The changes also involve the allocation operators. Operator new is no longer overloaded for both managed and unmanaged types, and is used to allocate objects only on the native heap. To allocate objects on the managed heap operator, gcnew is used.


class FooNative
{
public:
int Value;
};

ref class FooManaged
{
public:
property int Value;
};

// handle to an object on the managed heap
FooManaged^ mfoo = gcnew FooManaged();
// tracking reference to a gc-lvalue
FooManaged% rmfoo = *mfoo;

// change the object state using the handle
mfoo->Value = 10;
// access the object state using the tracking reference
Console::WriteLine(“managed foo value = {0}”, rmfoo.Value);

// pointer to an object on the native heap
FooNative* nfoo = new FooNative();
// reference to a native object
FooNative& rnfoo = *nfoo;

// change the object state using the pointer
nfoo->Value = 20;
// access the object state using the reference
Console::WriteLine(“native foo value = {0}”, rnfoo.Value);

(For the property syntax, see below.)

C++/CLI defines the nullptr, referred to as the null pointer constant, that acts as a universal null and is a compile-time expression that evaluates to zero in accordance with the C++ standard. nullptr is a literal having the null type (but objects of this type cannot be created). The null value constant can be implicitly converted to a pointer or a handle type, becoming a null pointer value or null value.

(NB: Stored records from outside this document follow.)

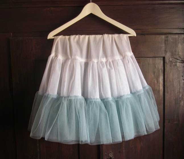 Den Petticoat hier habe ich für das Tanzstundenabschlussballkleid meiner jüngeren Tochter genäht (weiter unten zu sehen). Verwendet habe ich dafür drei verschiedene Stoffe. Die obere Stufe ist aus Wirkfutter (auch von Folhoffer, aber deutlich weicher als das schwarze), die mitttlere Stufe aus Petticoatstoff von Buttinette, die untere aus Tüll von The Tulle Factory. Für das Kleid ist der Petticoat genau richtig, der Tüll unten ist allerdings ziemlich weich. Wer einen sehr stabilen Petticoat möchte, ist mit dem Petticoatstoff von Buttinette gut bedient und müsste auch die untere Rüsche daraus machen.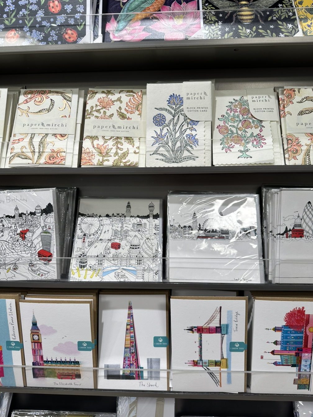 런던을 다니며 느낀 특징 중 하나는, 서점이 많고 어디에서나 카드를 판다는 것이었다. 이 기차역 안 작은 소품 가게에도 각양각색의 카드가 반짝였다.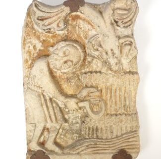 Replik nach einem gotischen Vorbild, Bauer bei der Getreideernte, Sandsteinguss, Eisenbeschläge als Halterung, 41 x 29 cm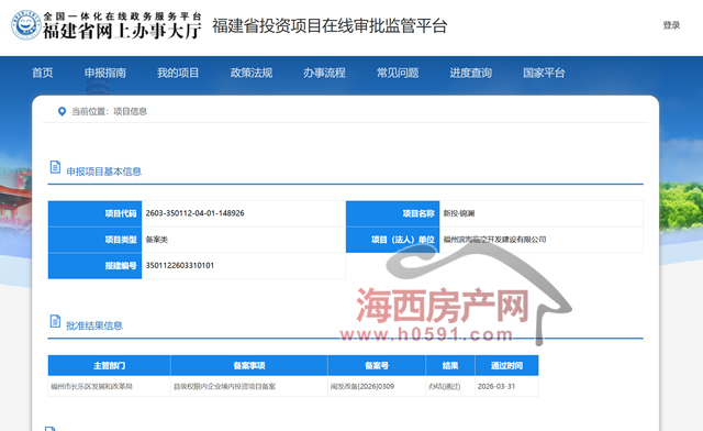 海西房产网(微信公众号:fjhxfcw)消息:福建省投资项目审批监管平台公布信息显示,长乐“新投·锦澜”已于3月31日通过备案报建。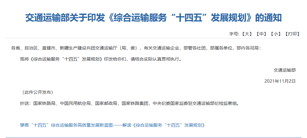 規(guī)劃明確,深入推進(jìn)多式聯(lián)運(yùn)發(fā)展,推動(dòng)鐵水、公鐵、空陸等聯(lián)運(yùn)發(fā)展,加強(qiáng)鐵路(高鐵)快運(yùn)、航空貨運(yùn)能力建設(shè),創(chuàng)新“干線多式聯(lián)運(yùn)+區(qū)域分撥”發(fā)展模式,深入推進(jìn)多式聯(lián)運(yùn)示范工程建設(shè),構(gòu)建空中、水上、地面與地下融合協(xié)同的多式聯(lián)運(yùn)網(wǎng)絡(luò)。規(guī)劃提出,實(shí)施多式聯(lián)運(yùn)提速行動(dòng),到2025年,建設(shè)120項(xiàng)多式聯(lián)運(yùn)示范工程。大規(guī)模推廣應(yīng)用鐵路專用平車、滾裝船等專用載運(yùn)機(jī)具;推進(jìn)江海直達(dá)船型研發(fā)和推廣應(yīng)用;加快全國(guó)多式聯(lián)運(yùn)公共信息互聯(lián)互通,推動(dòng)鐵路、公路、水運(yùn)、航空以及海關(guān)、市場(chǎng)監(jiān)管等信息交互共享。

String^ str = nullptr; // handle str has the null value
char* ch = nullptr; // pointer ch has the null pointer value
if(str == nullptr)
str = gcnew String(“managed heap object”);

You can’t apply the typeid operator on nullptr, nor sizeof (because the null type doesn’t have a size), nor can it be thrown using a throw expression.

The way types are declared in C++/CLI also has changed. The __gc, __nogc, or __value keywords are obsolete and have been replaced with an adjective class form:


struct FooNativeS {}; // native struct
class FooNativeC {}; // native class

ref class FooReferenceC {}; // CLR reference type
ref struct FooReferenceS {}; // CLR reference type

value class FooValueC {}; // CLR value type
value struct FooValueS {}; // CLR value type

interface class FooInterfaceC {}; // CLR interface type
interface struct FooInterfaceS {}; // CLR interface type

enum class FooEnumC {}; // CLR enumeration type
enum struct FooEnumS {}; // CLR enumeration type

Freeing Resources

The CLR does not support the C++ concept of destructors, which are placeholders for freeing resources. Instead, a disposed patter was promoted. Types that manage resource that must be freed when objects are no longer needed have to implement the IDisposable::Dispose() method, that should be called when the resource is no longer needed. But, because this method must be called explicitly, objects that must free resources also have to implement a finalizer, which is called automatically by the garbage collector before claiming the memory allocated for the object. But, when Dispose() is called manually, the finalizer should be prevented from being called, which is done by calling CG::SuppressFinalize() in the implementation of Dispose(). A typical implementation of the dispose pattern in MC++ looks like this:


__gc class Foo: public IDisposable
{
// unmanaged resource
// managed resource

// indicates whether Dispose has been called.
bool bDisposed;
public:
Foo()
{
}

// implementation of IDisposable::Dispose()
void Dispose()
{
Dispose(true);
// make sure the GC won’t call Dispose again
GC::SuppressFinalize(this);
}

void Dispose(bool disposing)
{
// Dispose was not yet called
if(!this->bDisposed)
{
// if disposing == true, the call is made from user code
// unmanaged and managed resources can be disposed
//
// if disposing == false, the call is made from the
// finalizer
// managed resources should not be referred, only
// unmanaged resources
if (disposing)
{
// Dispose managed resources.
}

// dispose unmanaged resources
}

this->bDisposed = true;
}

// not a C++ destructor, but an implementation of the
// Object::Finalize method
~Foo()
{
Dispose(false);
}
};

The Dispose() method produces deterministic clean-up code, whereas the Finalize() produces non-deterministic behavior because it’s up to the garbage collector, not to the programmer, to decide when to call it.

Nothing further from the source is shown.